# Thinking about getting into reptiles later in the year.



## Ja'eh (Jan 8, 2007)

Title says it all except I'm not interested in snakes, I was thinking of somthing along the lines of a lizard, gecko or a cameleon.


----------



## Mettle (Dec 29, 2003)

Chameleon is out. They don't do well in glass tanks.

What are the dimensions of the tank?

Do you have a screen lid for it yet?

Do you want something you can handle or a display animal?


----------



## CLUSTER ONE (Aug 2, 2006)

Ja said:


> Title says it all except I'm not interested in snakes, I was thinking of somthing along the lines of a lizard, gecko or a cameleon.


first like mettle said chems need mesh for ventilation.
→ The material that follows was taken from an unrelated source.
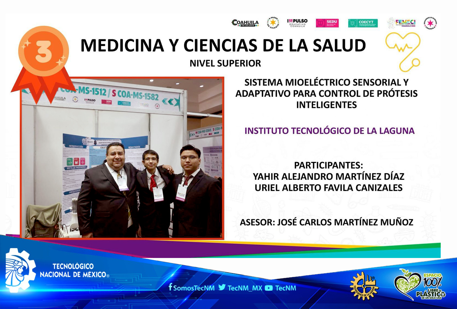 Bajo la asesoría del Mtro. José Carlos Martínez Muñoz, docente del área de Eléctrica–Electrónica, el equipo obtuvo el Tercer Lugar en la categoría Medicina y Ciencias de la Salud con el proyecto:

What are your specifications for something?

i would go with a group of geckos or something like that. A dart frog vivarium would be sweet too, but may cost a bit more and take more time to make, but i nice one would be worth it.

Like arborial...
Frogs or anything other then reptiles?
Solo display or community?
dispay or handleable?
Agression?
Any problems with feeding insects?


----------



## sapir (Jun 20, 2008)

if youre willing to spend some cash, Nephrurus amyae a.k.a. rough knob tailed gecko ftw!!!


----------



## Scooby (Dec 25, 2003)

I've always thought Pacman frogs were gnarly! Give them a google


----------



## CLUSTER ONE (Aug 2, 2006)

Scooby said:


> I've always thought Pacman frogs were gnarly! Give them a google


They are cool, but very unactive and lazy. They will sit in once spot pretty much all day unless lunging at food. They dont need that large of a tank, but you could divide it for one. If you arnt afraid of spiders get lasiodora parahybana. They get to a nice 10" and grow pretty fast. Probably dont need that large of a tank, but it would be cool. They also sit in the open alot.


----------



## Ja'eh (Jan 8, 2007)

Scooby said:


> I've always thought Pacman frogs were gnarly! Give them a google


I will thanks. I wasn't really thinking about frogs but I know there's some pretty cool looking and interesting ones out there.


----------



## CLUSTER ONE (Aug 2, 2006)

pac man frogs are eating machines, but they rarly move. Dart frogs have wicked color and you could keep a bunch, but they arnt to cheap unless you can get some tad poles or find a breeder


----------